**Your goal**:
Pictures excluded, set down exactly the lines from the one containing "反观我们国内的公司,国内主要" through the final line of the material, and only those.

Top of Material provided

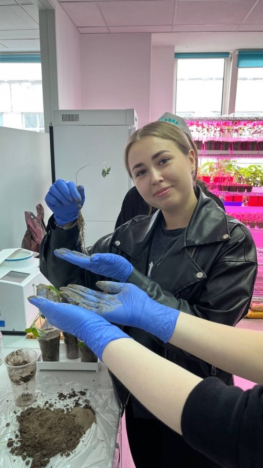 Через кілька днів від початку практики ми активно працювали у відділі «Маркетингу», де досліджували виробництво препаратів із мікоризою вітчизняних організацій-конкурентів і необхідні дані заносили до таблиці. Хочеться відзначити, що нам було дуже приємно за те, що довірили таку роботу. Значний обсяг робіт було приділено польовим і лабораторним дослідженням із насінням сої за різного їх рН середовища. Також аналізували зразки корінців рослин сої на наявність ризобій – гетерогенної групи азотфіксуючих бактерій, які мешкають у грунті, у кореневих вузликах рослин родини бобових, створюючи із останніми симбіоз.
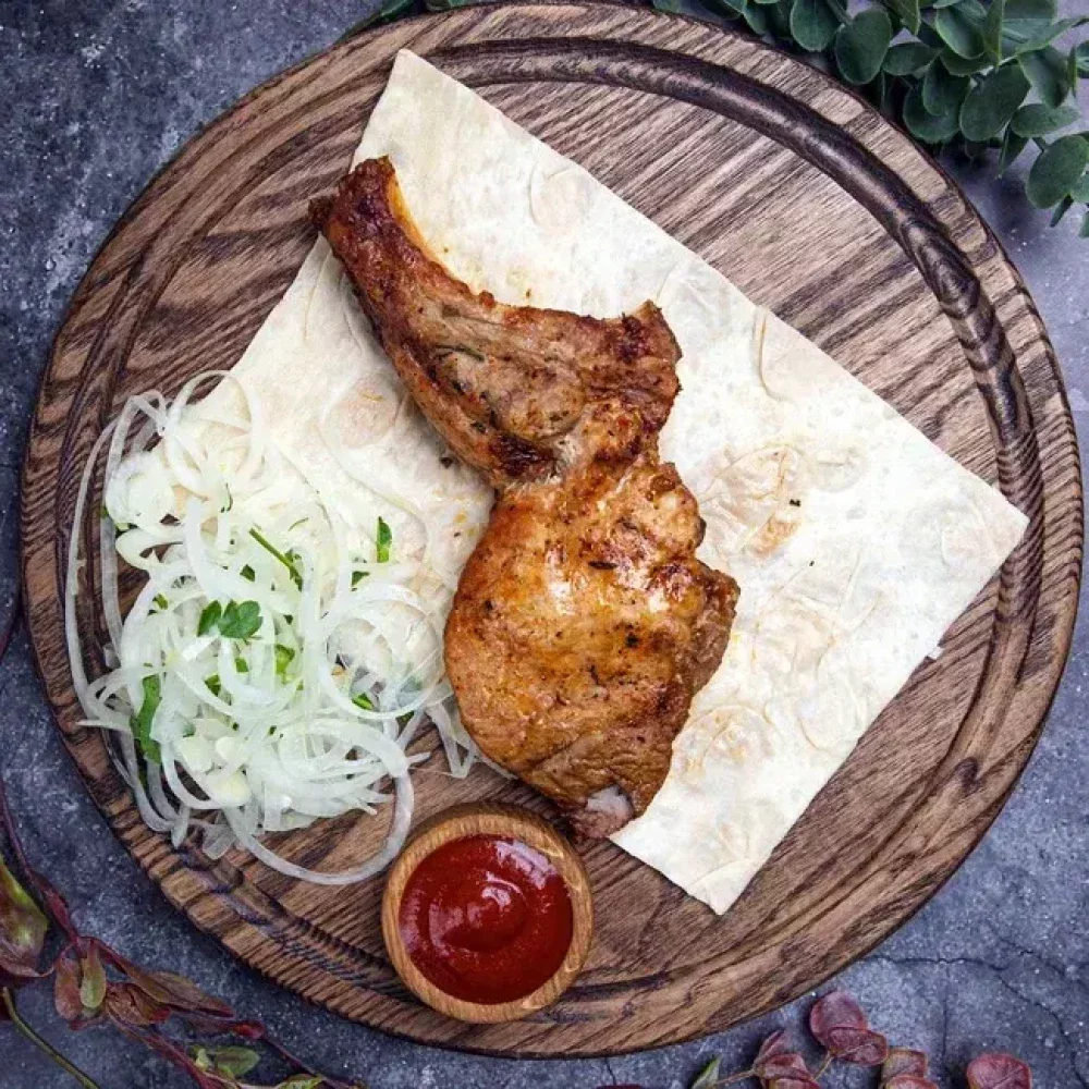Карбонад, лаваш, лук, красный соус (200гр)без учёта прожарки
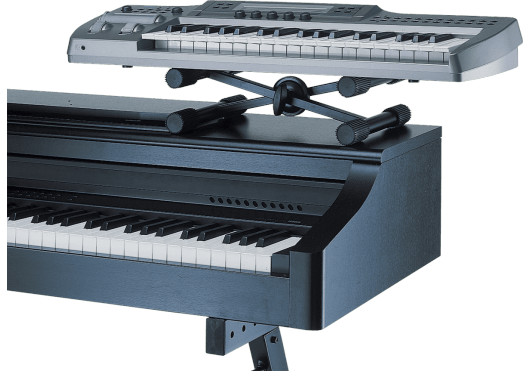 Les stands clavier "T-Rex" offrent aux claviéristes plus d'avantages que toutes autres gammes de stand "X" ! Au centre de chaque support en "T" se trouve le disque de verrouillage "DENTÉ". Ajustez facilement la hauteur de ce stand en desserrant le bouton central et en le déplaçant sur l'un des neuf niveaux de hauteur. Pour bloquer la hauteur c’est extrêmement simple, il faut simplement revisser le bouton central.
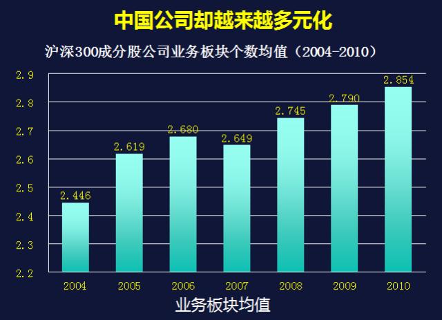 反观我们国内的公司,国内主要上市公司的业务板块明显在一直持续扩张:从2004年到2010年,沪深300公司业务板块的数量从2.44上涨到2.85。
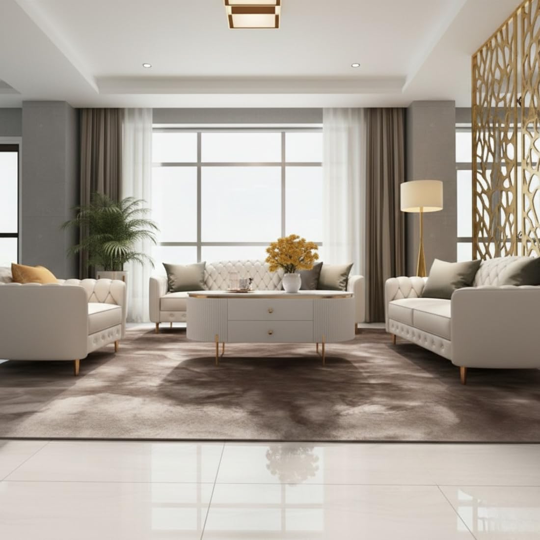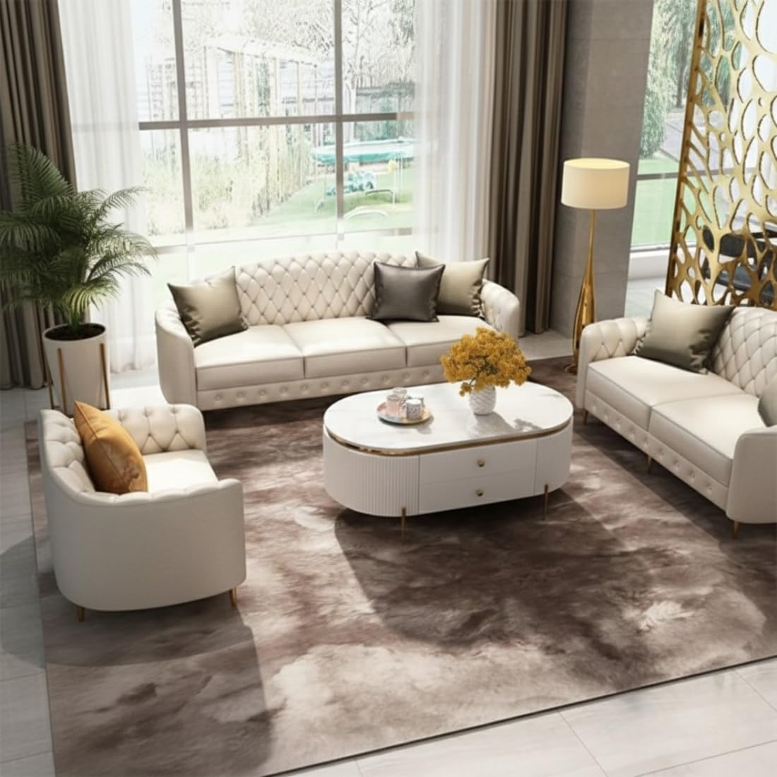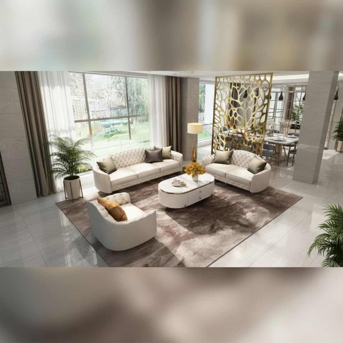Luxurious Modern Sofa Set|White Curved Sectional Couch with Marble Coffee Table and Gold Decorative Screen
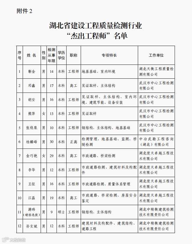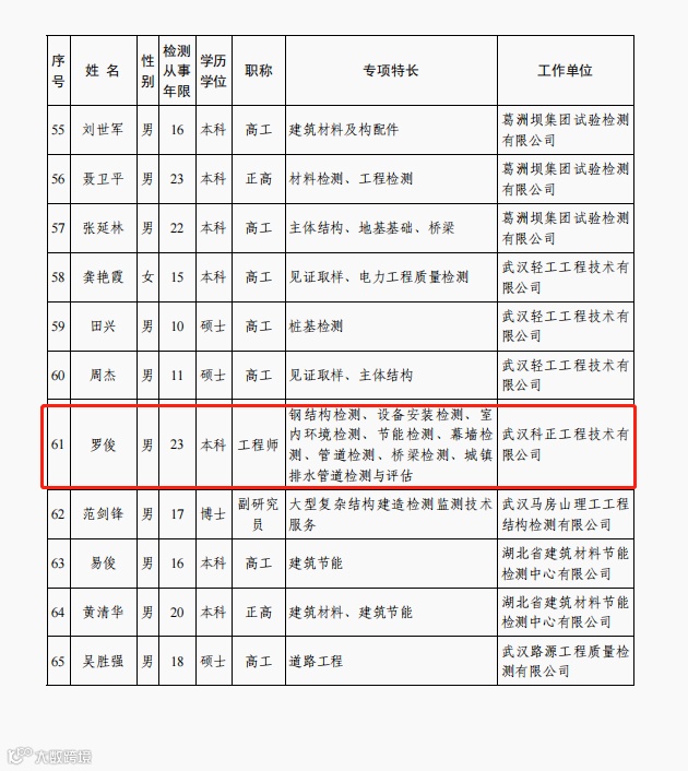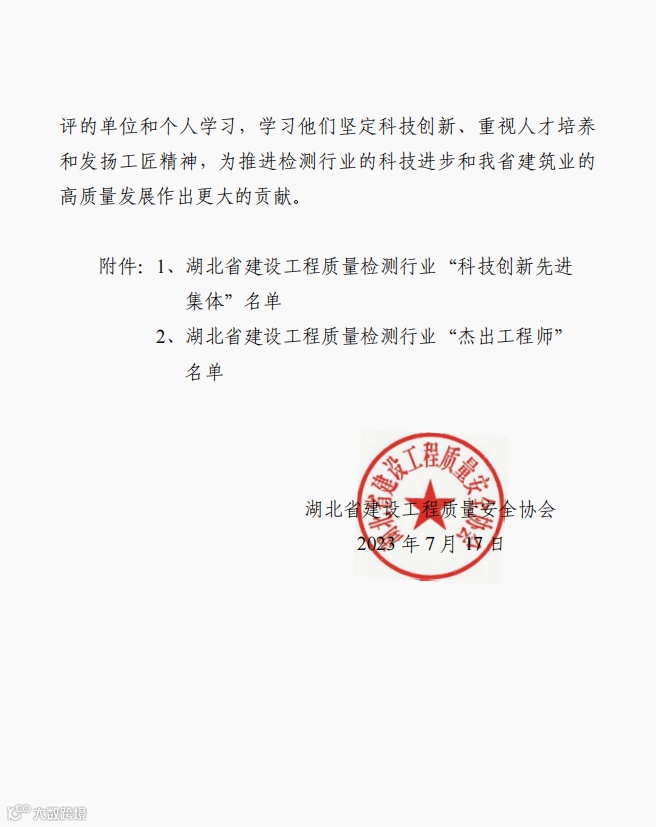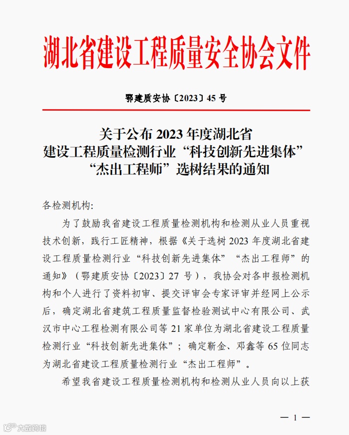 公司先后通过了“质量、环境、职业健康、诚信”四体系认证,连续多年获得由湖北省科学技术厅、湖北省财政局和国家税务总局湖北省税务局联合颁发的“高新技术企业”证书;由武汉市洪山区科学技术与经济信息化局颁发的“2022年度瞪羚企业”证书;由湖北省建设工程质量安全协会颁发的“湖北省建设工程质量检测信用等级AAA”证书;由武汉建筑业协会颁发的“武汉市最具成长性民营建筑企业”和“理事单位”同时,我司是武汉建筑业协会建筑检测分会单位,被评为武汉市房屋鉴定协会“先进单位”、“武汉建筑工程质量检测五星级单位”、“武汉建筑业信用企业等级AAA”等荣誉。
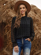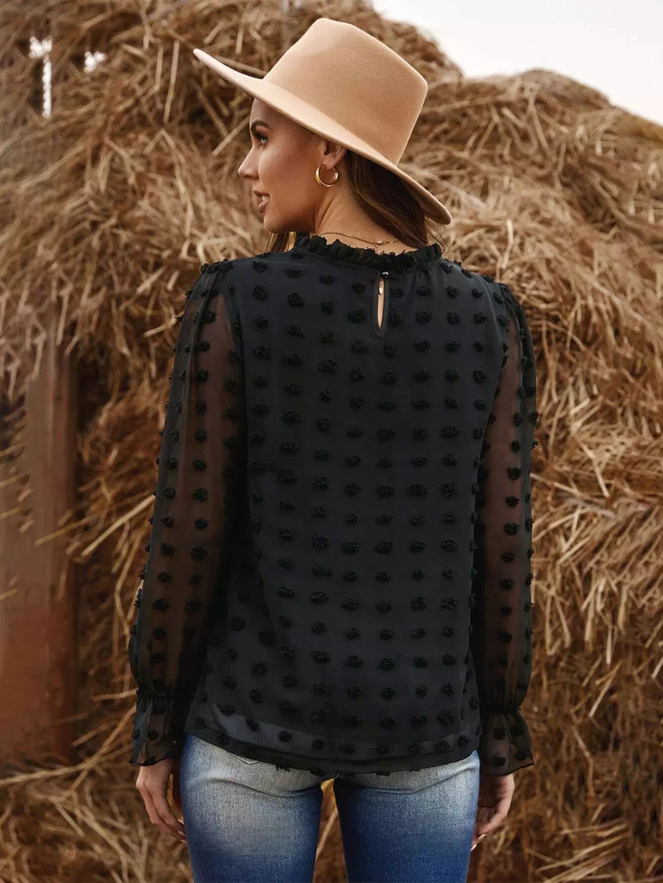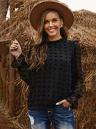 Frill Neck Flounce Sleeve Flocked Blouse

Bottom of Material provided

**The answer**:
 反观我们国内的公司,国内主要上市公司的业务板块明显在一直持续扩张:从2004年到2010年,沪深300公司业务板块的数量从2.44上涨到2.85。
Luxurious Modern Sofa Set|White Curved Sectional Couch with Marble Coffee Table and Gold Decorative Screen
 公司先后通过了“质量、环境、职业健康、诚信”四体系认证,连续多年获得由湖北省科学技术厅、湖北省财政局和国家税务总局湖北省税务局联合颁发的“高新技术企业”证书;由武汉市洪山区科学技术与经济信息化局颁发的“2022年度瞪羚企业”证书;由湖北省建设工程质量安全协会颁发的“湖北省建设工程质量检测信用等级AAA”证书;由武汉建筑业协会颁发的“武汉市最具成长性民营建筑企业”和“理事单位”同时,我司是武汉建筑业协会建筑检测分会单位,被评为武汉市房屋鉴定协会“先进单位”、“武汉建筑工程质量检测五星级单位”、“武汉建筑业信用企业等级AAA”等荣誉。
 Frill Neck Flounce Sleeve Flocked Blouse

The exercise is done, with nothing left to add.